NEW YORK (TheStreet) -- Some 35 years ago, I was far from the most popular graduate student at Northwestern's Medill School of Journalism.
I'm sure the faculty voted me "least likely to still be at this 35 years from now." I suspect they passed me through only because they feared I'd just re-enroll.
It seems I was an arrogant know-it-all. But at the heart of my argument with authority was a question that has played out throughout my career: Is the online world a net benefit to journalism, or does it destroy journalism?

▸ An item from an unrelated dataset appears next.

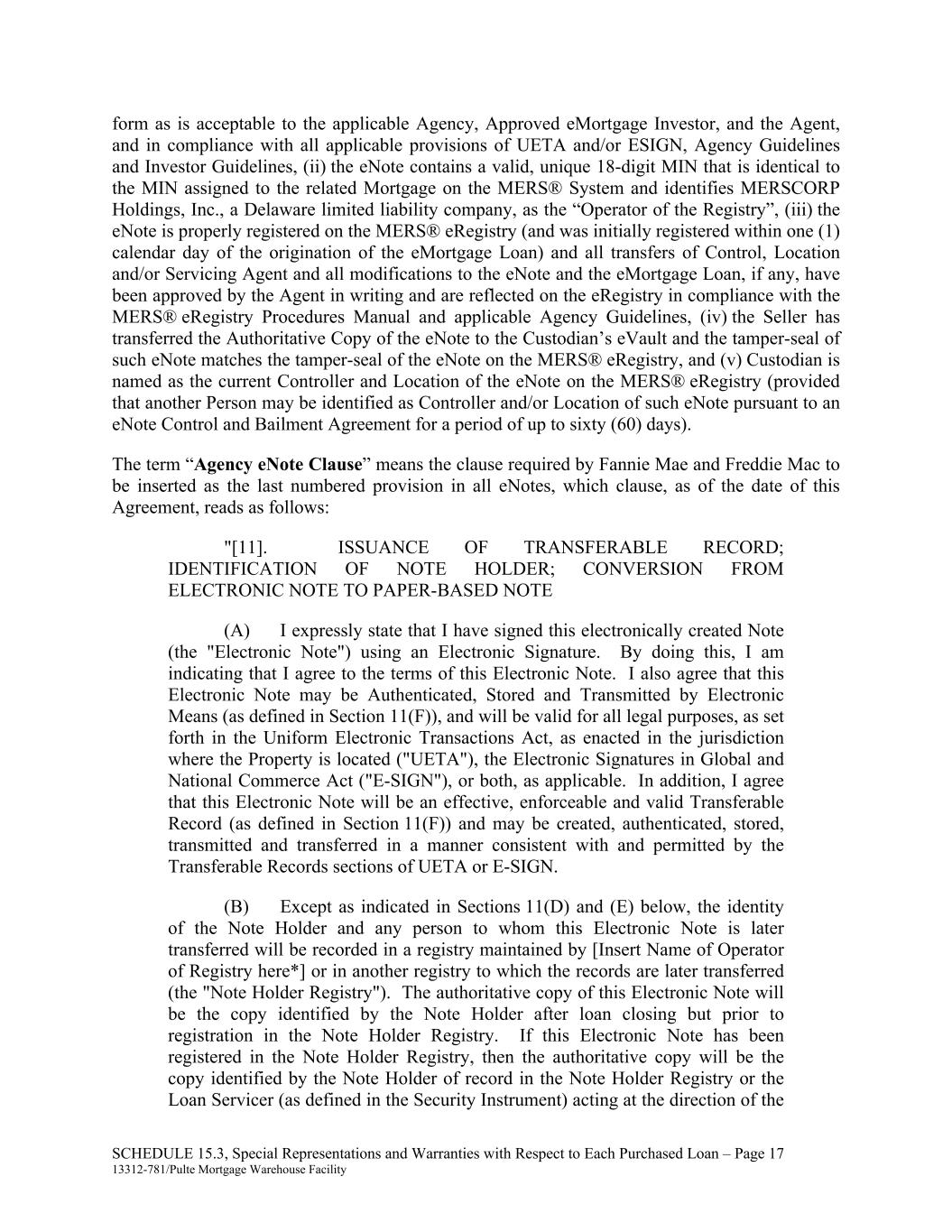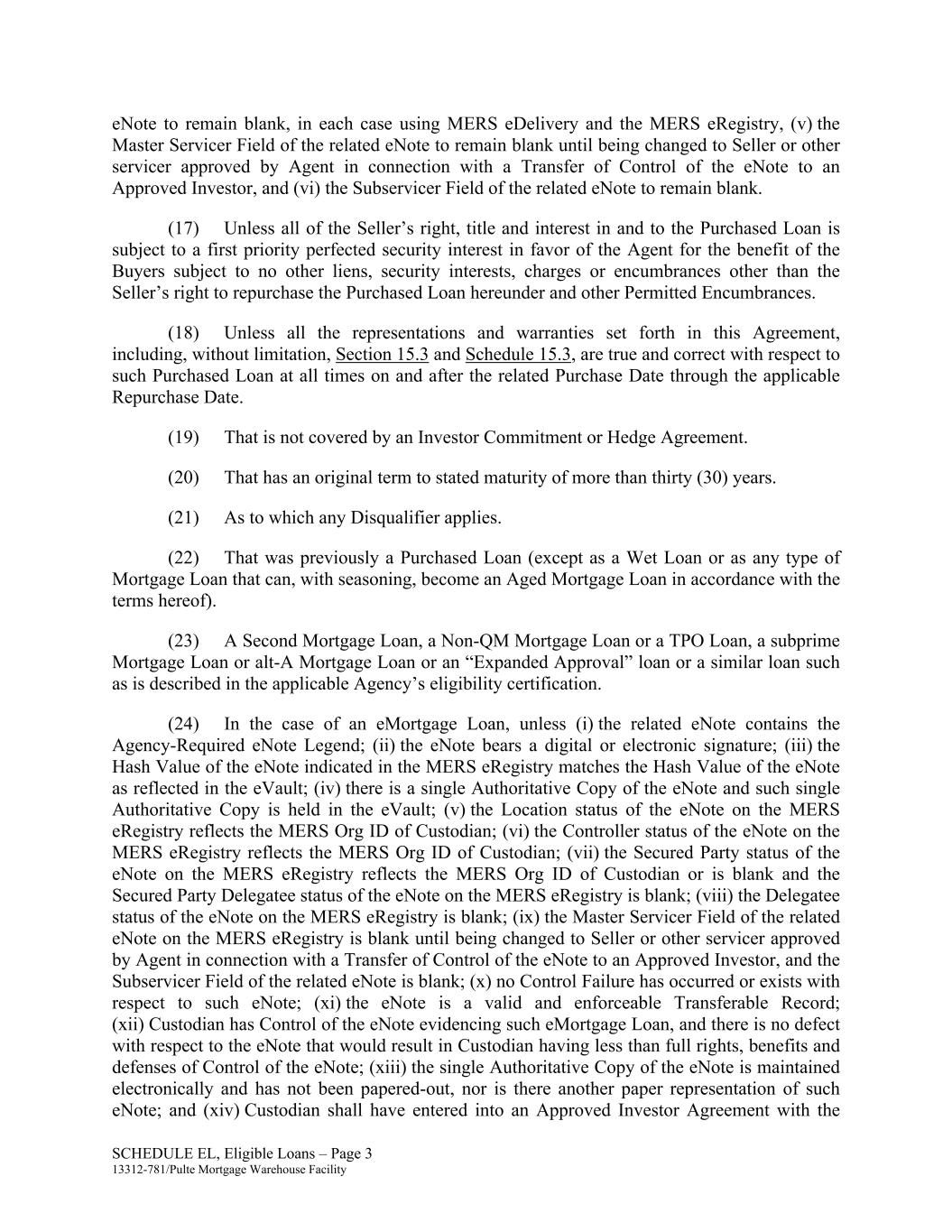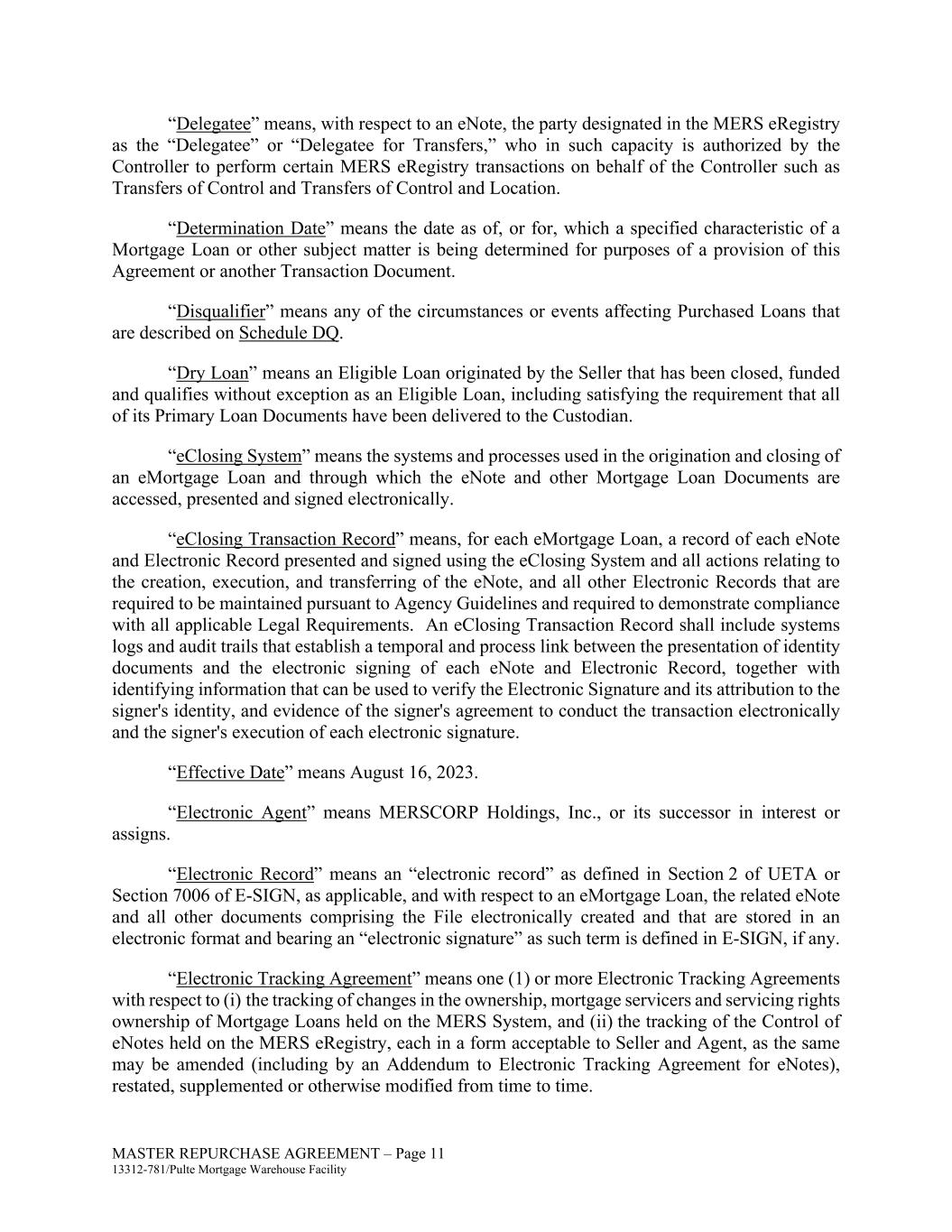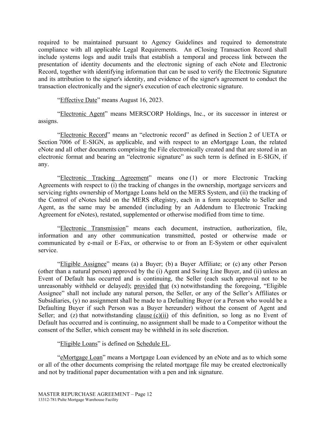 MASTER REPURCHASE AGREEMENT – Page 12 13312-781/Pulte Mortgage Warehouse Facility required to be maintained pursuant to Agency Guidelines and required to demonstrate compliance with all applicable Legal Requirements. An eClosing Transaction Record shall include systems logs and audit trails that establish a temporal and process link between the presentation of identity documents and the electronic signing of each eNote and Electronic Record, together with identifying information that can be used to verify the Electronic Signature and its attribution to the signer's identity, and evidence of the signer's agreement to conduct the transaction electronically and the signer's execution of each electronic signature. “Effective Date” means August 16, 2023. “Electronic Agent” means MERSCORP Holdings, Inc., or its successor in interest or assigns. “Electronic Record” means an “electronic record” as defined in Section 2 of UETA or Section 7006 of E-SIGN, as applicable, and with respect to an eMortgage Loan, the related eNote and all other documents comprising the File electronically created and that are stored in an electronic format and bearing an “electronic signature” as such term is defined in E-SIGN, if any. “Electronic Tracking Agreement” means one (1) or more Electronic Tracking Agreements with respect to (i) the tracking of changes in the ownership, mortgage servicers and servicing rights ownership of Mortgage Loans held on the MERS System, and (ii) the tracking of the Control of eNotes held on the MERS eRegistry, each in a form acceptable to Seller and Agent, as the same may be amended (including by an Addendum to Electronic Tracking Agreement for eNotes), restated, supplemented or otherwise modified from time to time. “Electronic Transmission” means each document, instruction, authorization, file, information and any other communication transmitted, posted or otherwise made or communicated by e-mail or E-Fax, or otherwise to or from an E-System or other equivalent service. “Eligible Assignee” means (a) a Buyer; (b) a Buyer Affiliate; or (c) any other Person (other than a natural person) approved by the (i) Agent and Swing Line Buyer, and (ii) unless an Event of Default has occurred and is continuing, the Seller (each such approval not to be unreasonably withheld or delayed); provided that (x) notwithstanding the foregoing, “Eligible Assignee” shall not include any natural person, the Seller, or any of the Seller’s Affiliates or Subsidiaries, (y) no assignment shall be made to a Defaulting Buyer (or a Person who would be a Defaulting Buyer if such Person was a Buyer hereunder) without the consent of Agent and Seller; and (z) that notwithstanding clause (c)(ii) of this definition, so long as no Event of Default has occurred and is continuing, no assignment shall be made to a Competitor without the consent of the Seller, which consent may be withheld in its sole discretion. “Eligible Loans” is defined on Schedule EL. “eMortgage Loan” means a Mortgage Loan evidenced by an eNote and as to which some or all of the other documents comprising the related mortgage file may be created electronically and not by traditional paper documentation with a pen and ink signature.

Yes, we could see it coming, at the dawn of the PC era. It may please my teachers' spirits to know I've since been fired from every regular gig I've ever had, mainly due to insubordination. I am an arrogant know-it-all, still, albeit a persistent one. The difference is that I know that now.But the question remains: Is this medium a net positive or a net negative for the employment of journalists? I got my answer a few years after graduation. I was at Comdex, a now-extinct computer show now best known as the start of Sheldon Adelson's fortune. I was at a small party helping "close" the old CP/M operating system with my wife and two editors with whom we'd become friendly. Then our party got a special guest. His name was Ted Nelson. My wife was thrilled. She'd found a copy of his 1974 book "Computer Lib/Dream Machines," in the basement of a house we'd rented. She was enthralled by his concept of hypertext, the idea of meta-code hidden behind words that could, with a click, take you to another page, even another computer, maybe on another continent. He liked that we had been in Evanston in 1977, where Northwestern is located, because he had been running a computer store there, called the Itty Bitty Machine Co. (IBM (IBM), get it?) But what impressed both of us was his take on the nature of knowledge, that it could be built from the bottom up, that it wasn't about top-down authority, that we should interact and learn things together. That's the heart of the word Internet -- interactive.